It has 1.25 million men and women and double-digit increases in its budget. But for officers, does the People's Liberation Army have good military leaders or good networkers?

The damaging national culture of building connections for personal benefit is on the minds of the country's top leadership as it turns its clean-government drive to the military. Orders issued last week seek to control the diversion of the military budget to generous or even outrageous perquisites and also to stop the acceptance of gifts—meaning bribes from those seeking advantageous positions or contracts.

China's military suffers from these habits in two ways. The most obvious one is that part of its budget is lost to extravagance or embezzlement. The other, perhaps far more serious but quite unmeasurable, is that a great many officers, looking for profitable opportunities, must be rising in rank not because they can perform their duties well but because they are good at buying connections, or “guanxi” (GWAHN-shee). The degree of leadership debilitation caused by the guanxi culture may be one of the biggest unknowns about the Chinese armed forces.

In general, spending has to be more strictly regulated and budgeting processes improved, according to the latest orders from military headquarters. “Incomes and expenses should be managed by a centralized system and reforms are needed in accounting and asset management processes,” the Xinhua news agency says, citing the orders.

The armed forces were directed to reduce military administrative costs. If actually implemented, that alone will make a difference, since much wasteful spending must be classified as administrative. Among the items singled out is travel, which is to be “strictly controlled.”

“The document stressed frugality in official receptions among military units,” says Xinhua. “Personal banquets financed with public funds as well as giving or accepting money, securities, souvenirs and local products are not allowed.” The military budget must not be used for celebrations, forums, exhibitions or performances, except for those arranged by top national and military authorities.

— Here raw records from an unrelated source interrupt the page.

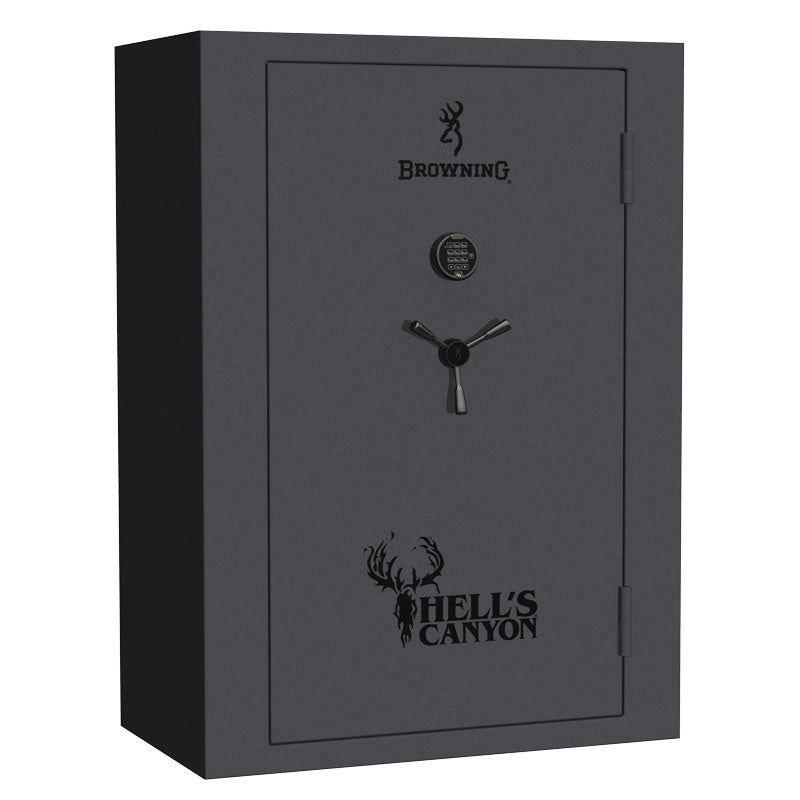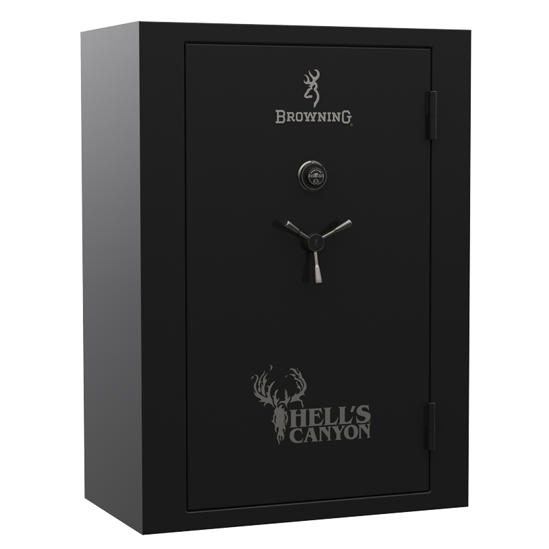As spacious as its name suggests, the Hell's Canyon can keep all your valuables safe‚ locked behind 11-Gauge steel, hardened steel pin lock protection, and Pry-Stop End Bolts. Enjoy American-made craftsmanship, top-of-the-line security technology, adjustable shelving, and for the finishing touch, sleek black chrome hardware.
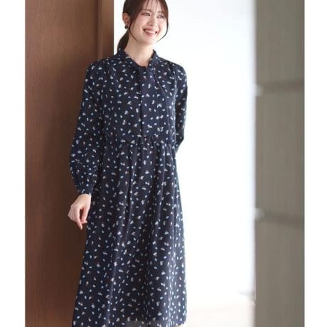 上品な雰囲気の花びらをインスピレーションしたプリントが目を惹くフェミニンなボウタイワンピース。
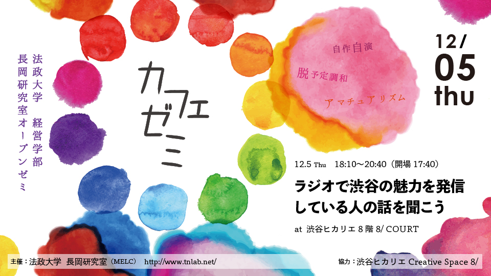 今回のカフェゼミでは、西さんから、渋谷という街の魅力、特に、渋谷で活動する人々のつながりについてお話を聞きたいと思います。また、街の人々をつなげるメディアとしてのコミュニティ・ラジオの魅力についても、お話を聞く予定です。師走の夜、渋谷に集い、美味しいお菓子とお茶を味わいながら、街とラジオとコミュニティについて、マジメに楽しく語り合いましょう。
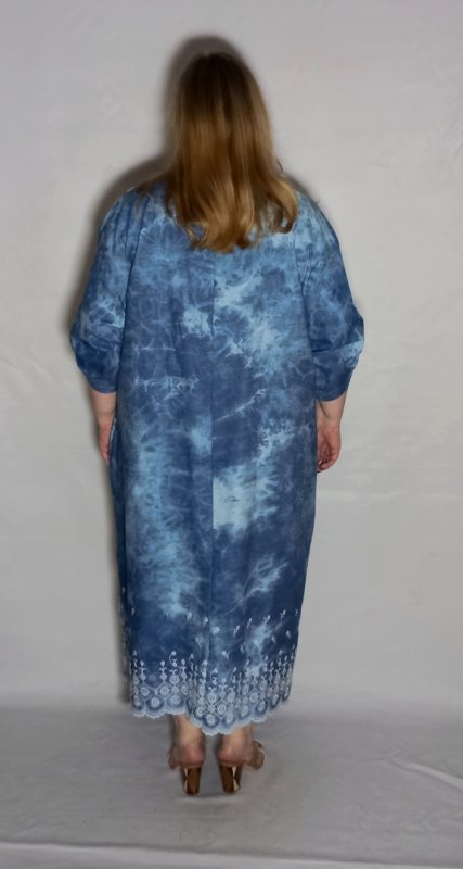 Шикарное платье из облегченной, рубашечной джинсы с эффектом "варенки" и вышивкой по низу платья и рукавов.
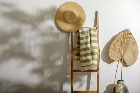 Organic linen beach towel on wood ladder, straw hat and dried palm leaf against white wall with shadows from tree leafes

In the guanxi culture, connections are bought with entertainment, gifts and cash; the recipient, enjoying some power, then grants benefits in return, such as perks, a promotion or an opportunity for monumental embezzlement. Maybe a chain of connections is involved. Either way, funds siphoned from the state pay for it all. The same problems afflict the Chinese government more widely. President Xi Jinping, who must be behind this latest push for honesty, began trying last year to stop civil servants and employees of state enterprises from using public funds for their own benefit.

Almost any adult in China has heard such stories as colonels holding magnificent weddings for their daughters at a cost of many years' salary, or generals paying 1 million yuan ($160,000) for modestly lucrative posts—or many times that for immodestly lucrative ones. A story about a military uncle who has just had a good promotion typically includes the sentence “he has good connections.”

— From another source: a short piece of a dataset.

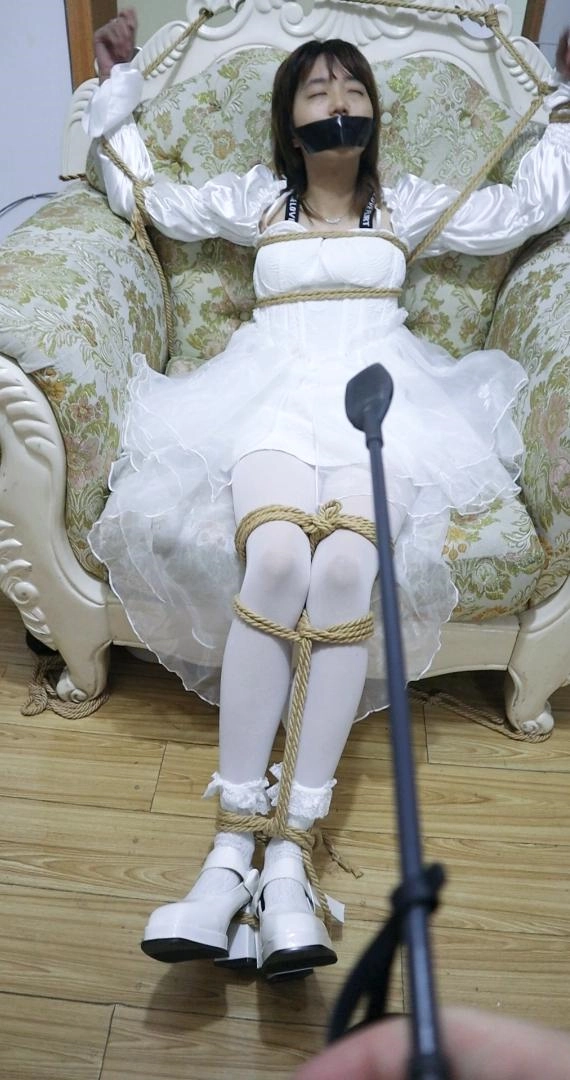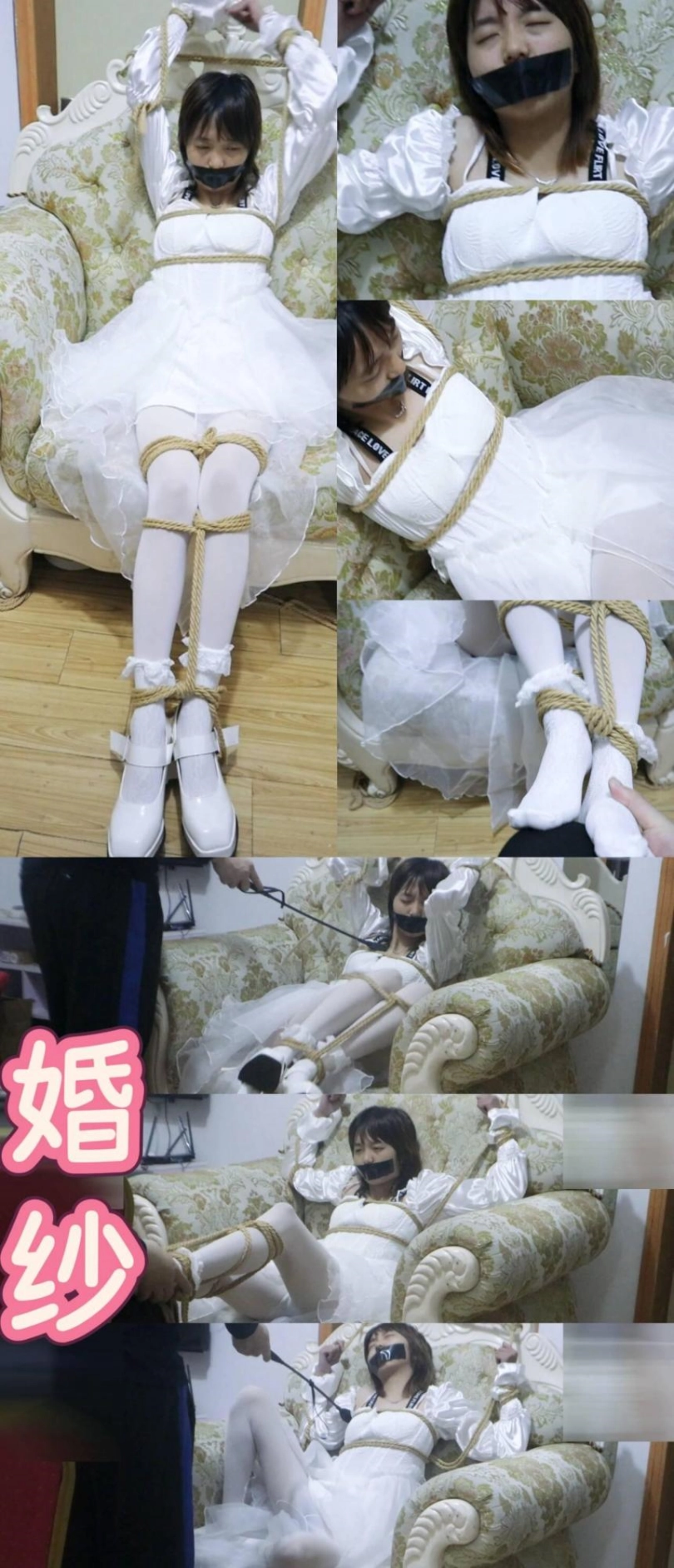 【荷仙少女】【婚纱少女B本本】祝婚快乐,还这么年轻清纯就穿上婚纱了,这不给好好绑起来玩弄玩弄一番吗,一袭婚纱+ 捆绑堵嘴,拿鞭子捅玩女孩B的身体,看着敏感的少女B本本痛苦的样子真是绝了(双视角)

One officer who should have had outstanding connections was Lt. Gen. Gu Junshan, the former deputy head of logistics, who was arrested two years ago for graft. Soldiers reportedly needed two days to load the opulent contents of his home into trucks. But ordinary Chinese can only wonder whether Gu fell from grace because he was a crook or because he ultimately had the wrong connections.

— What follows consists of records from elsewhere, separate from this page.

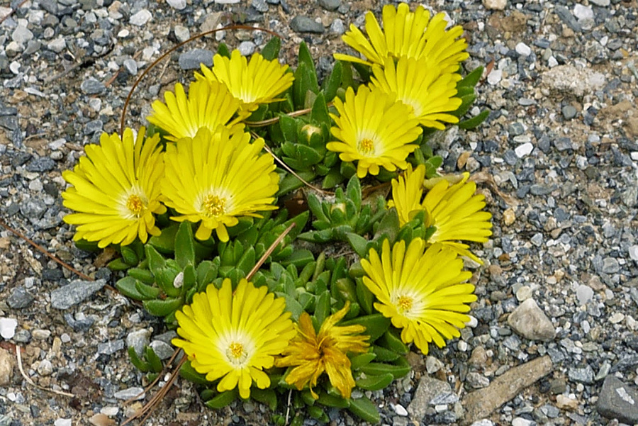 Рассада делоспермы скрученной (Delosperma congestum) имеет очень привлекательный и необычный вид. Листва ланцетная зеленого окраса. Вырастает в высоту до 10 см. В мае и июне цветет большим количеством цветков желтого цвета. Преимущества делоспермы скрученной:
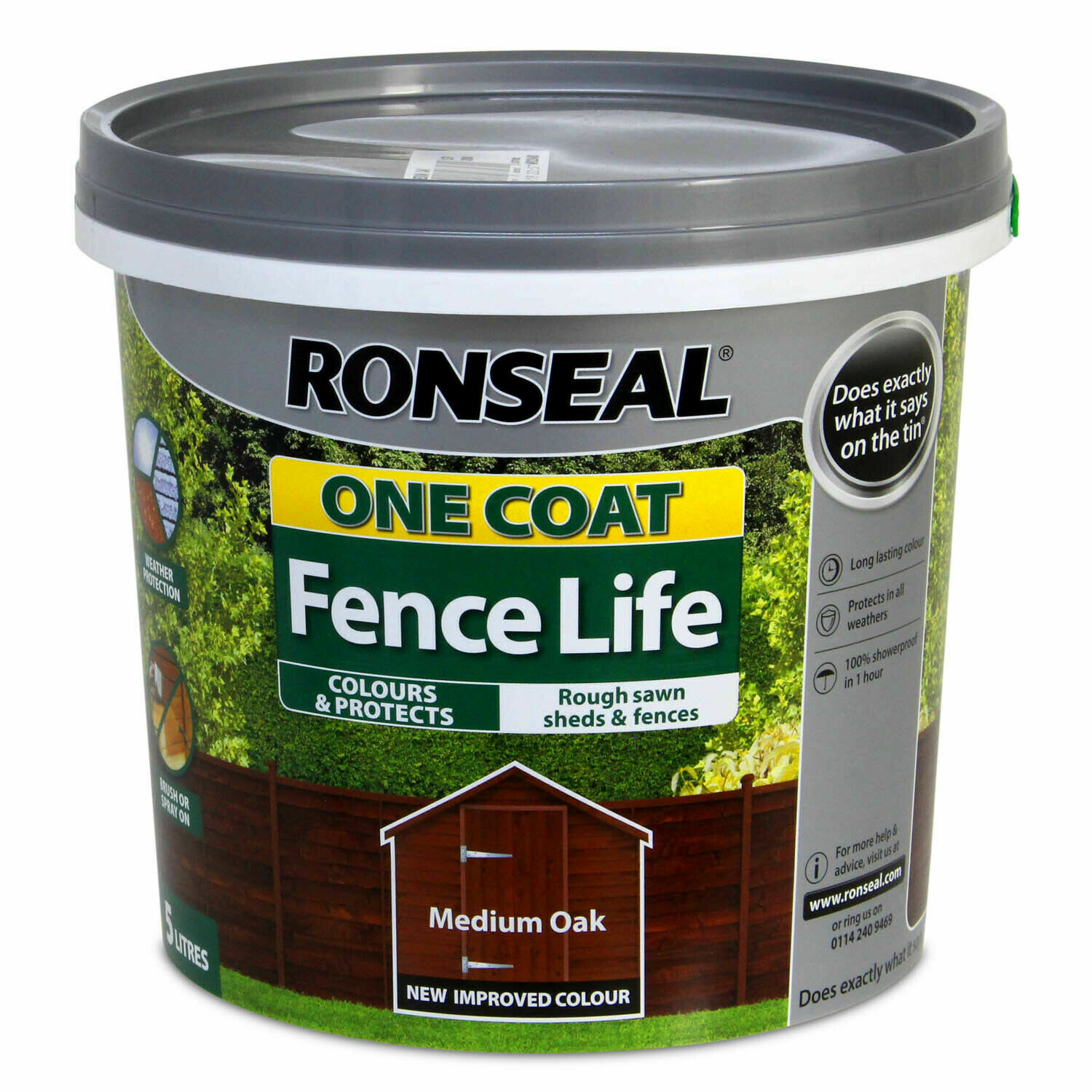 Ronseal 5 Litre Medium Oak One Coat Fence Life Fast Quick Dry Garden Shed Paint
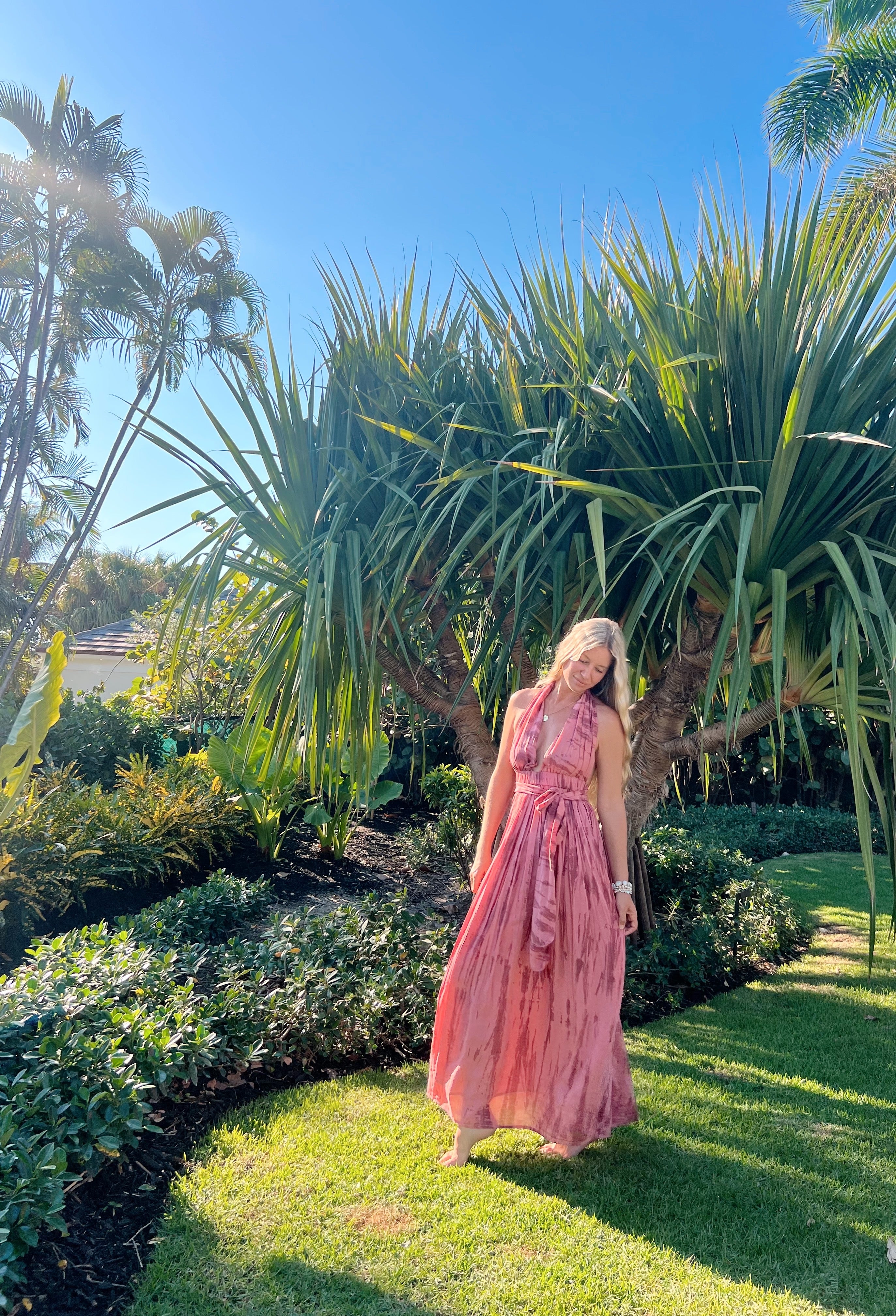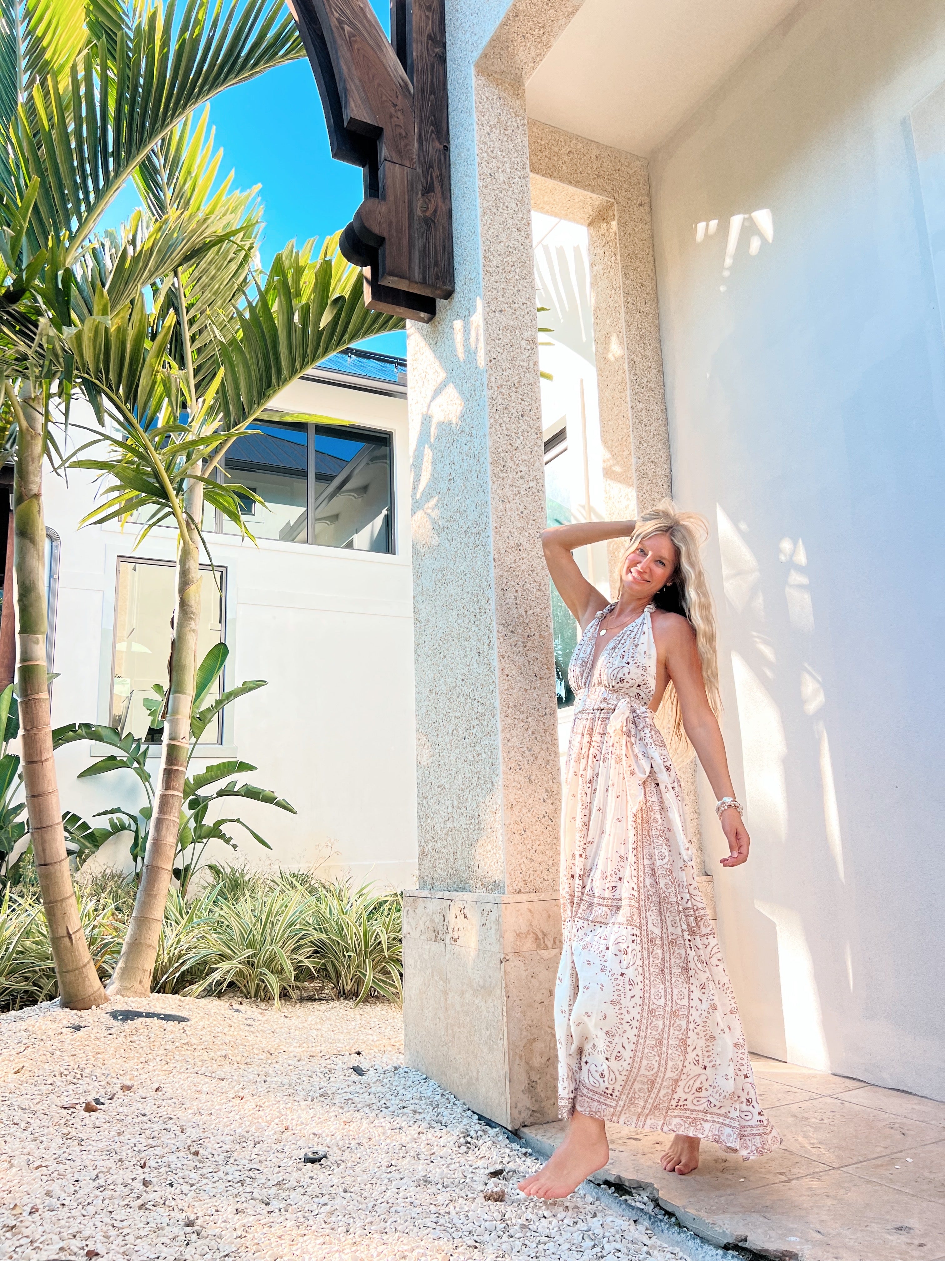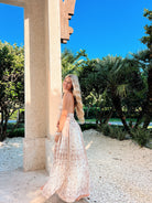 A flowy halter-style maxi dress designed with a soft, bohemian print and an effortlessly elegant silhouette. Its adjustable neckline and lightweight drape make it perfect for warm days, sunset strolls, and dreamy seaside escapes. A timeless blend of comfort, romance, and coastal charm.

It is difficult to gauge the degree to which this behavior damages the Chinese military, because graft is so hard to measure. But since the official Chinese defense budget increased to $119 billion last year from $7-8 billion around 1997, “there is a lot of money to throw at problems, and a lot that can disappear,” says Richard Bitzinger, a specialist on the Chinese military at the Nanyang Technological University in Singapore. “You can only imagine the size of this.” Contributing to the problem is that the armed forces are part of the Communist Party and are therefore highly political, rather than being purely a professional military, says Alexander Neill of the International Institute for Strategic Studies in Singapore.

Under the latest edict, only Chinese-brand cars can be bought as military vehicles, which may inconvenience the many officers who prefer to drive large Mercedes Benzes or Porsches—and who were told last year to remove their military license plates. While that last move met with wide public approval, because military vehicles can be driven in China with little regard to the rules of the road, a largely overlooked point was that, from the party's point of view, military plates on luxury cars had been damning evidence of misuse of public office.

The new leadership under Xi has been in power for about a year. Its predecessors also began their terms with campaigns against corruption, which the party has long recognized as a potentially fatal threat to its power.